### Work to be completed
Leave out the pictures and copy the remaining records exactly.

*** Records for this task Section Begins ***

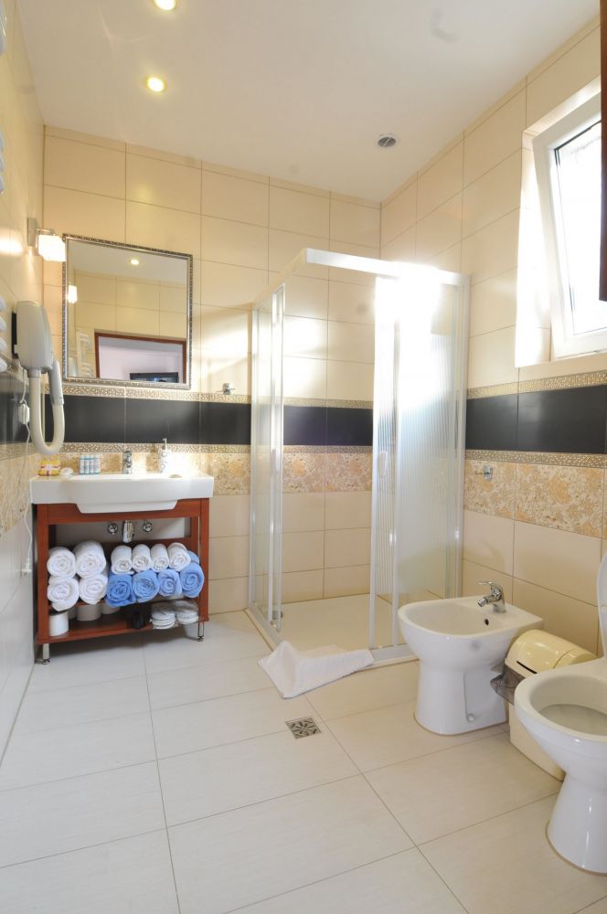 - sleeping room with double bed , TV-SAT, phone and bathroom with hair-dryer, bidet, shower cubicle, wc, bathrobes, towel set. Free Internet, bathrobes.
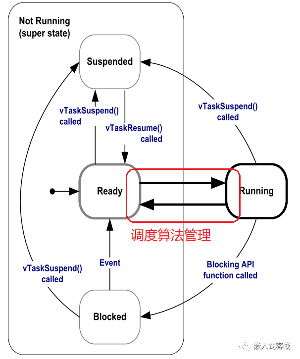 Ready: 就绪态,就是指任务可以被调度器装载进CPU核运行的状态,但是还没有被装载进CPU核。为什么有这样一个就绪态呢?前面说了,RTOS主要作用就是多任务的调度管理。那么就绪的任务就有可能是多个,也就是说在同一时刻,多个任务有可能都就绪了,至于调度器究竟让哪一个任务先运行呢,这就是调度器调度算法的职责了,根据其内部的调度算法策略进行调度管理。
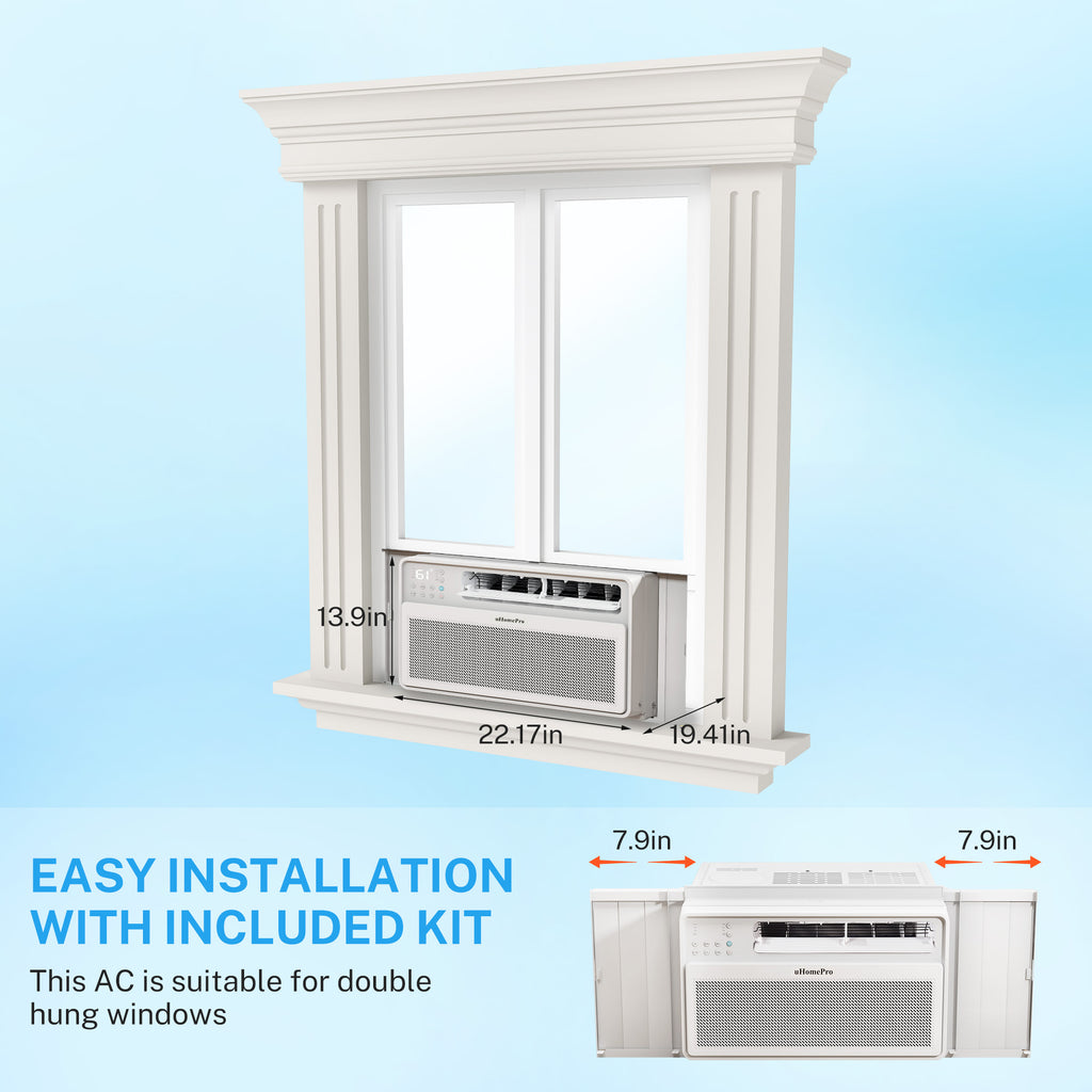 Upgrade your space with this UHOMEPRO window air conditioner, a low-profile air conditioner designed for bedrooms, apartments, or small rooms. This quiet window air conditioner seamlessly switches between Cool, Dry, Fan, and Auto modes: Cool lowers temps while reducing humidity; Dry combats sticky air with automated cycles; Fan offers a gentle breeze; and Auto adjusts modes based on room conditions using seven smart sensors. Optimize nighttime comfort with SLEEP mode—it gradually raises temps every 30-60 minutes (up to 6 cycles) and dims lights for undisturbed rest. ECO mode saves energy by cycling the compressor on/off once your desired temp is reached, while the fan maintains airflow. Control settings remotely via the Smart Wi-Fi Control or included remote—adjust modes, fan speeds, timers, or toggle the LED display for a serene ambiance. As a small window AC unit, its compact, air conditioner portable design fits most windows and includes easy-slide filters with a 500-hour reminder for cleaning—simply vacuum or wash monthly to prevent airflow issues. Ideal as an apartment air conditioner or air conditioner for bedroom, it balances power and efficiency (under 43 dB) with smart features like frost-prevention sensors and intermittent fan delays for energy savings. Perfect for renters or small spaces, this ac window unit delivers year-round comfort without sacrificing style or space.
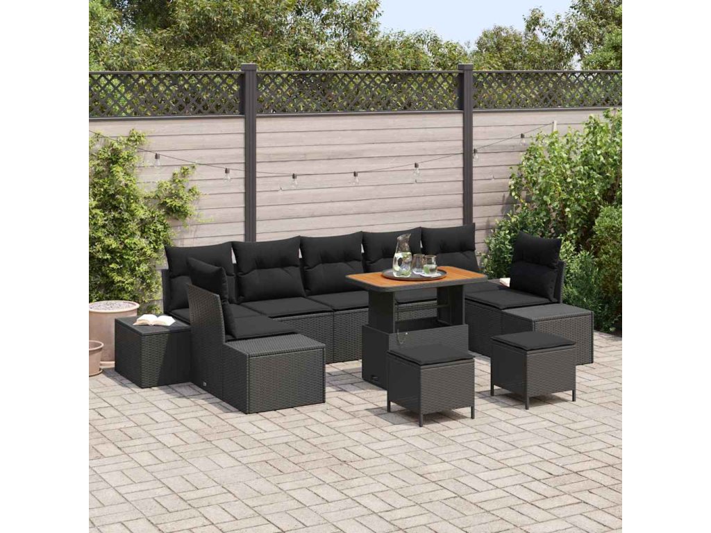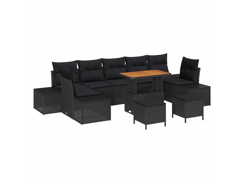 Sada zahradních pohovek s polštářem 10 pcs Černá Poly ratan 3362769
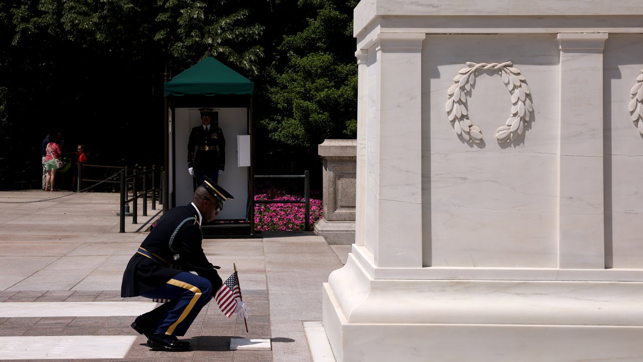 A service member places a flag at the Tomb of the Unknown Soldier as part of the "Flags In" ceremony ahead of the Memorial Day weekend at Arlington National Cemetery on May 27, 2021 in Arlington, Virginia. For the first time in 20 years, members from
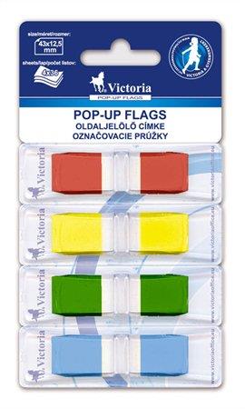 Jelölőcímke, műanyag, 4x36 lap, 43x12,5 mm, VICTORIA OFFICE, vegyes színAlapítvány támogatás 1 Ft
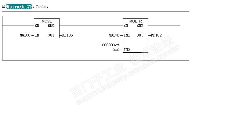 假设楼主上位机设定的是 MW100, real型要存储到MD102, 因为我不想建立DB很麻烦,
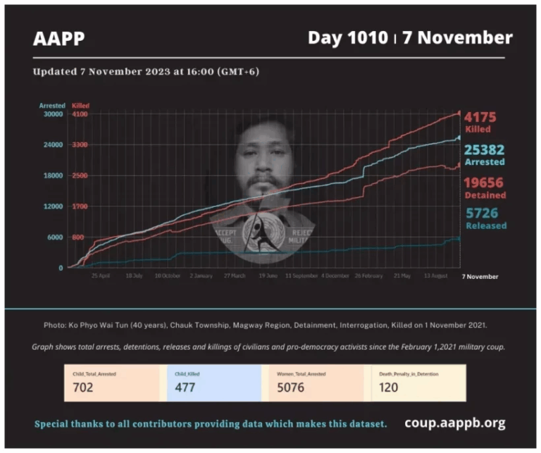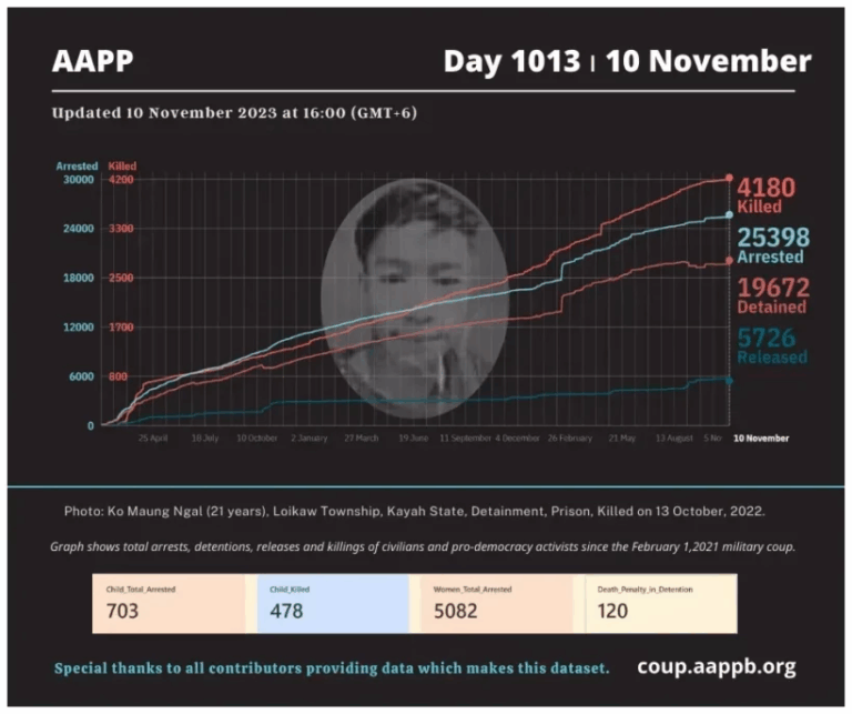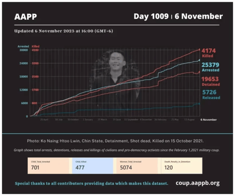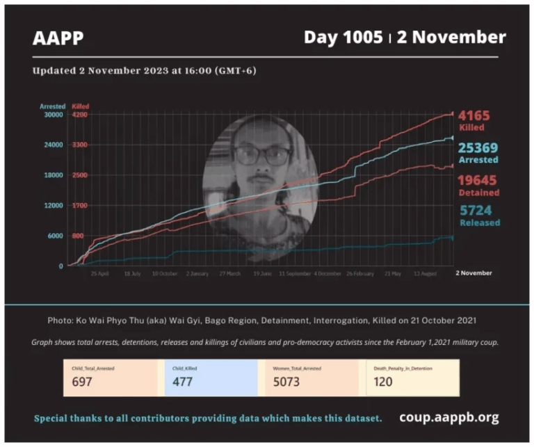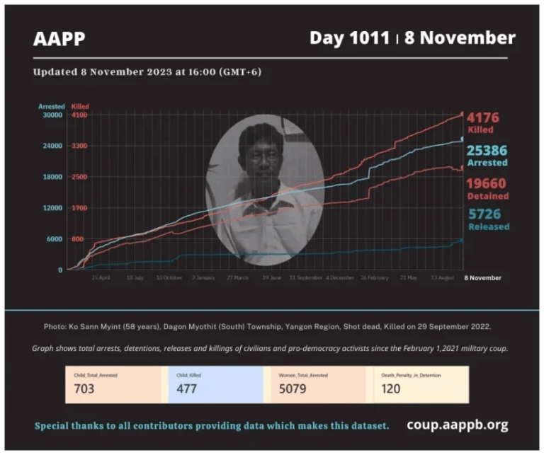 Daily Briefing in Relation to the Military Coup Updated 15 November 2023 Since the February 1, 2021 coup, a total of (4,185) people, including pro-democracy activists and civilians have been killed by the junta and pro-military groups during the Spring…
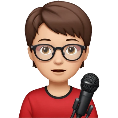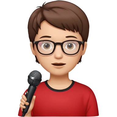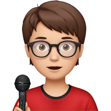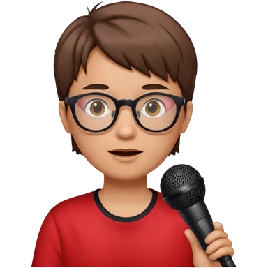 singer, Old, brown short hair, holding mic, red shirt glasses emoji
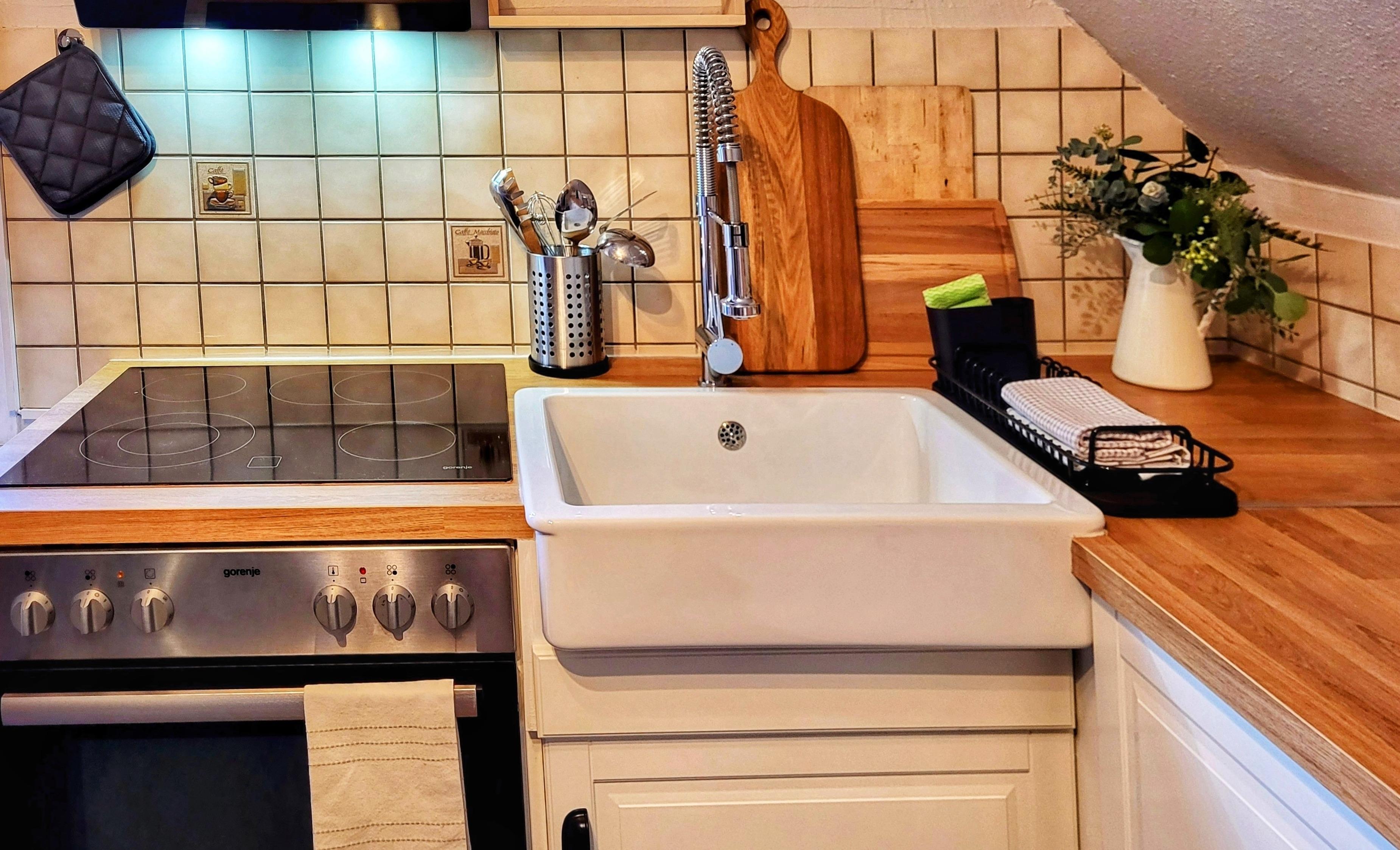 * eine separate Küche inkl. Kühlschrank mit 3 Gefrierfächern, 4-Platten-Ceranfeld mit Backofen, Kaffeemaschine, Mikrowelle

*** Records for this task Section Ends ***

### Response to the exercise
 - sleeping room with double bed , TV-SAT, phone and bathroom with hair-dryer, bidet, shower cubicle, wc, bathrobes, towel set. Free Internet, bathrobes.
 Ready: 就绪态,就是指任务可以被调度器装载进CPU核运行的状态,但是还没有被装载进CPU核。为什么有这样一个就绪态呢?前面说了,RTOS主要作用就是多任务的调度管理。那么就绪的任务就有可能是多个,也就是说在同一时刻,多个任务有可能都就绪了,至于调度器究竟让哪一个任务先运行呢,这就是调度器调度算法的职责了,根据其内部的调度算法策略进行调度管理。
 Upgrade your space with this UHOMEPRO window air conditioner, a low-profile air conditioner designed for bedrooms, apartments, or small rooms. This quiet window air conditioner seamlessly switches between Cool, Dry, Fan, and Auto modes: Cool lowers temps while reducing humidity; Dry combats sticky air with automated cycles; Fan offers a gentle breeze; and Auto adjusts modes based on room conditions using seven smart sensors. Optimize nighttime comfort with SLEEP mode—it gradually raises temps every 30-60 minutes (up to 6 cycles) and dims lights for undisturbed rest. ECO mode saves energy by cycling the compressor on/off once your desired temp is reached, while the fan maintains airflow. Control settings remotely via the Smart Wi-Fi Control or included remote—adjust modes, fan speeds, timers, or toggle the LED display for a serene ambiance. As a small window AC unit, its compact, air conditioner portable design fits most windows and includes easy-slide filters with a 500-hour reminder for cleaning—simply vacuum or wash monthly to prevent airflow issues. Ideal as an apartment air conditioner or air conditioner for bedroom, it balances power and efficiency (under 43 dB) with smart features like frost-prevention sensors and intermittent fan delays for energy savings. Perfect for renters or small spaces, this ac window unit delivers year-round comfort without sacrificing style or space.
 Sada zahradních pohovek s polštářem 10 pcs Černá Poly ratan 3362769
 A service member places a flag at the Tomb of the Unknown Soldier as part of the "Flags In" ceremony ahead of the Memorial Day weekend at Arlington National Cemetery on May 27, 2021 in Arlington, Virginia. For the first time in 20 years, members from
 Jelölőcímke, műanyag, 4x36 lap, 43x12,5 mm, VICTORIA OFFICE, vegyes színAlapítvány támogatás 1 Ft
 假设楼主上位机设定的是 MW100, real型要存储到MD102, 因为我不想建立DB很麻烦,
 Daily Briefing in Relation to the Military Coup Updated 15 November 2023 Since the February 1, 2021 coup, a total of (4,185) people, including pro-democracy activists and civilians have been killed by the junta and pro-military groups during the Spring…
 singer, Old, brown short hair, holding mic, red shirt glasses emoji
 * eine separate Küche inkl. Kühlschrank mit 3 Gefrierfächern, 4-Platten-Ceranfeld mit Backofen, Kaffeemaschine, Mikrowelle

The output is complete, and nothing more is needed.